O que diferencia HIPEC e quimioterapia sistêmica?
A quimioterapia sistêmica é administrada, em geral, pela veia ou, em algumas situações, por via oral. Após entrar na circulação, o medicamento alcança diferentes partes do organismo. Ela pode ser indicada antes de uma cirurgia, após o procedimento, para controlar doença microscópica ou para tratar tumores que não podem ser removidos cirurgicamente naquele momento.
A HIPEC, sigla em inglês para quimioterapia hipertérmica intraperitoneal, é aplicada diretamente na cavidade abdominal durante uma operação.
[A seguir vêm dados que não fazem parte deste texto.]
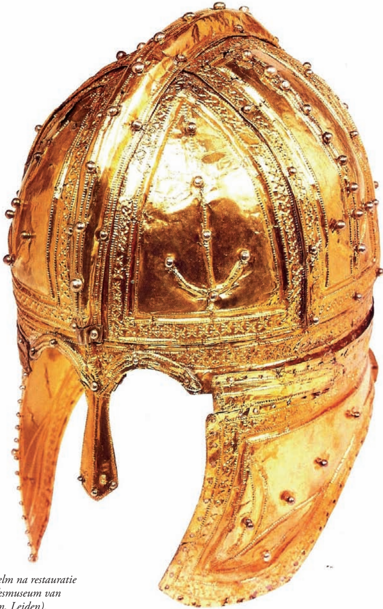
De Peelhelm na restauratie (coll. Rijksmuseum van Oudheden, Leiden).

De helm van Helenaveen is een Laat-Romeinse officiershelm. Enkel de papierdunne, verguld zilveren sierkap is bewaard gebleven. Deze was met klinknageltjes bevestigd op een ijzeren binnenkap waarvan in 1910 slechts minimale restanten werden aangetroffen. Onder die ijzeren kap zat oorspronkelijk nog een lederen binnenkap, gevuld met paardenhaar voor het draagcomfort. In Europa zijn ongeveer 10 van dergelijke pronkhelmen bekend. Waarschijnlijk werden ze gebruikt bij parades en ceremoniële gebeurtenissen. Ze kenmerken zich door een opbouw uit twee helften die aan de bovenzijde door een helmkam bij elkaar worden gehouden. Verder door twee wangbeschermers, een beweegbare nekbeschermer en een losse neusbeschermer. Verondersteld wordt dat dit type helm onder Sassanidische invloed is ontstaan en werd ingevoerd tijdens het bewind van keizer Constantijn I. Waarschijnlijk is de helm van Helenaveen vervaardigd in de keizerlijke werkplaats van Constantinopel.

Na maior parte das vezes, ela faz parte de um procedimento maior chamado cirurgia citorredutora, cujo objetivo é retirar todas as lesões visíveis no peritônio e, quando necessário, em órgãos ou estruturas adjacentes.
Após a retirada da doença macroscópica, uma solução com quimioterápico aquecido circula dentro do abdome por um período determinado. O calor pode aumentar a ação local de certos medicamentos e favorecer sua penetração em áreas superficiais onde podem permanecer células tumorais microscópicas. É um tratamento local-regional, não uma forma de tratar todo o corpo.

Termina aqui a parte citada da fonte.